*EXERCISE DIRECTIONS*: Everything below from the line with "まずご紹介するのは、「ミッフィー miffy ブルーナ" through the line with "데크 ⓒ프레시안(육심무 기자)" must be retyped exactly, except the pictures.

*DATA IN THIS EXERCISE*:
╔══

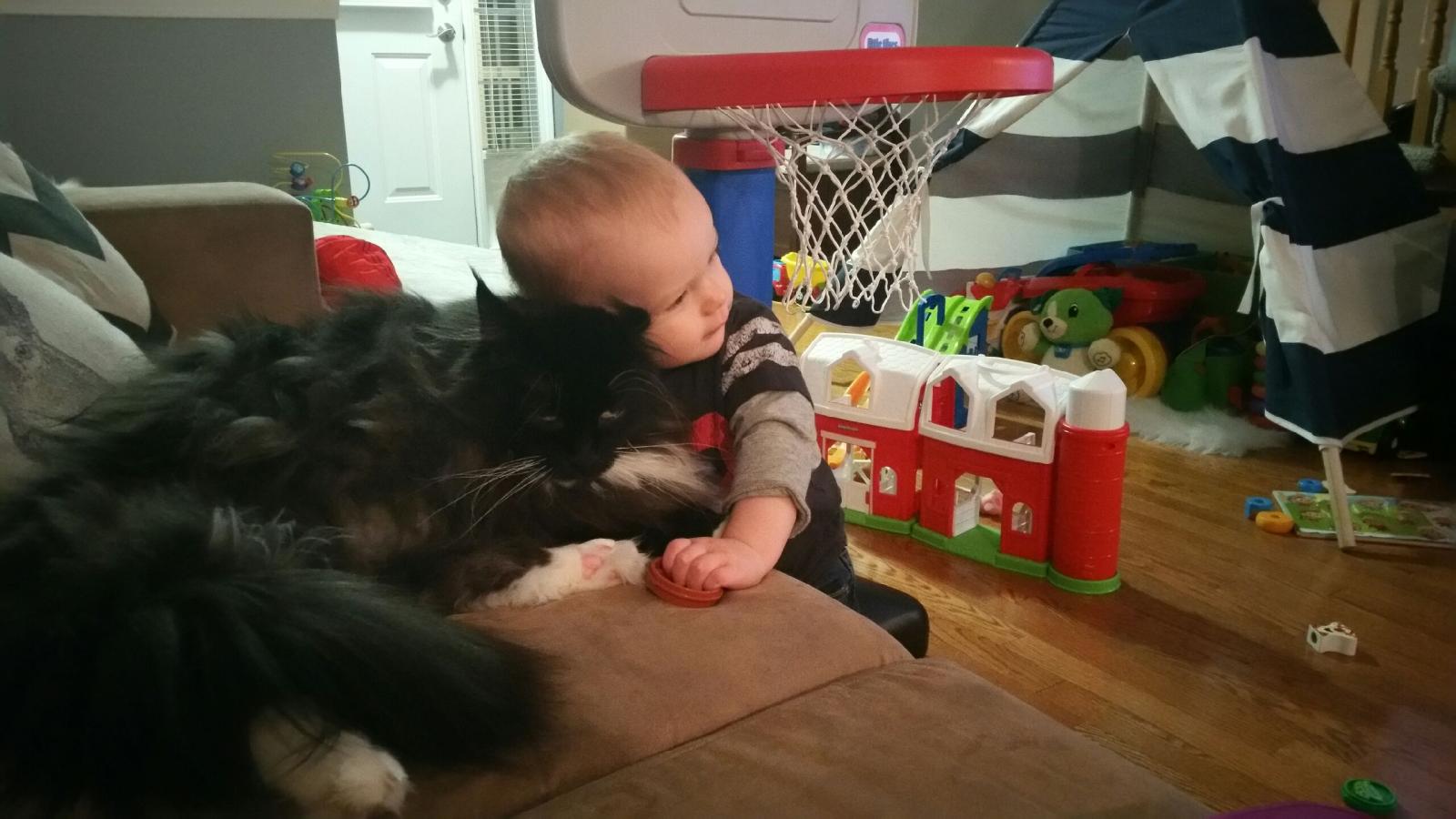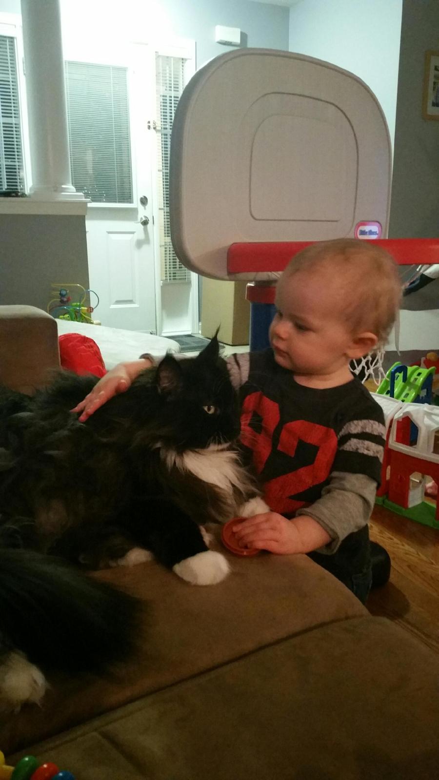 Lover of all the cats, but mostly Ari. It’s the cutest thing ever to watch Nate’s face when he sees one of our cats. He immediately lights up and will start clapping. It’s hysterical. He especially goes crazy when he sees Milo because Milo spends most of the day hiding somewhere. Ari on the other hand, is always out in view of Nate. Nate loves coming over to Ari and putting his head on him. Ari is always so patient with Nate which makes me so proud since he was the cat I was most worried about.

╚══
╔══

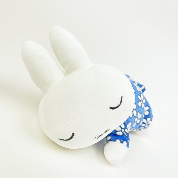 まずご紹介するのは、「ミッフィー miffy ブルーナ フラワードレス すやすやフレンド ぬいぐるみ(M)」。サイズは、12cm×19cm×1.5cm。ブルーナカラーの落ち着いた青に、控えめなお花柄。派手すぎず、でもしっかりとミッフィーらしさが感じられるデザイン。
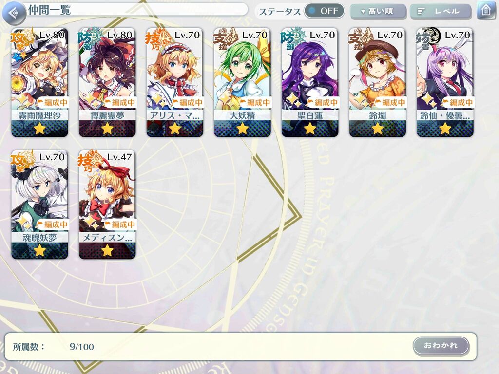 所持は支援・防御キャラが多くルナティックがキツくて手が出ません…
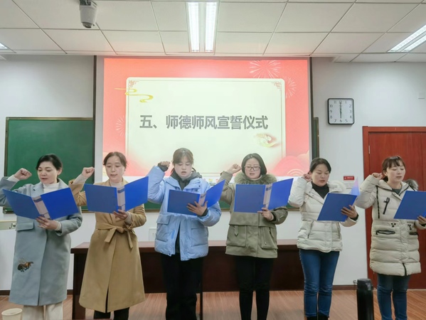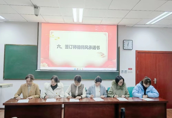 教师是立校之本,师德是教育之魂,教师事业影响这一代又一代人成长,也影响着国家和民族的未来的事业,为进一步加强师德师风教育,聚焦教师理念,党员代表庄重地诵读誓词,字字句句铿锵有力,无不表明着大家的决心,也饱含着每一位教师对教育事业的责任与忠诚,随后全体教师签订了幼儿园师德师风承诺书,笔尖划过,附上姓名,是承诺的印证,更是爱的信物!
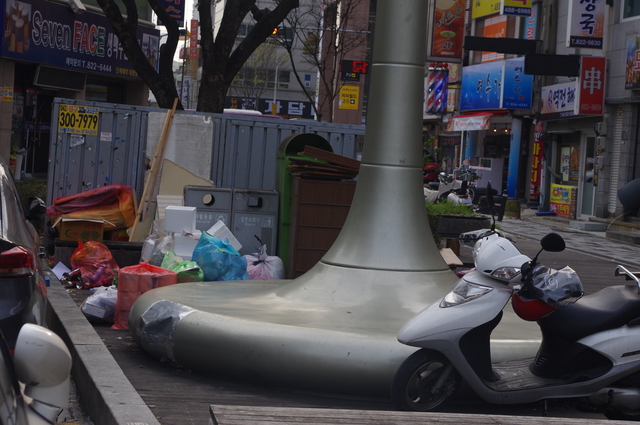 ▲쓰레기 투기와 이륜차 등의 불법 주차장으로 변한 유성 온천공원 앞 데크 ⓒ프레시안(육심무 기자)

╚══

*WRITTEN RESPONSE*:
 まずご紹介するのは、「ミッフィー miffy ブルーナ フラワードレス すやすやフレンド ぬいぐるみ(M)」。サイズは、12cm×19cm×1.5cm。ブルーナカラーの落ち着いた青に、控えめなお花柄。派手すぎず、でもしっかりとミッフィーらしさが感じられるデザイン。
 所持は支援・防御キャラが多くルナティックがキツくて手が出ません…
 教师是立校之本,师德是教育之魂,教师事业影响这一代又一代人成长,也影响着国家和民族的未来的事业,为进一步加强师德师风教育,聚焦教师理念,党员代表庄重地诵读誓词,字字句句铿锵有力,无不表明着大家的决心,也饱含着每一位教师对教育事业的责任与忠诚,随后全体教师签订了幼儿园师德师风承诺书,笔尖划过,附上姓名,是承诺的印证,更是爱的信物!
 ▲쓰레기 투기와 이륜차 등의 불법 주차장으로 변한 유성 온천공원 앞 데크 ⓒ프레시안(육심무 기자)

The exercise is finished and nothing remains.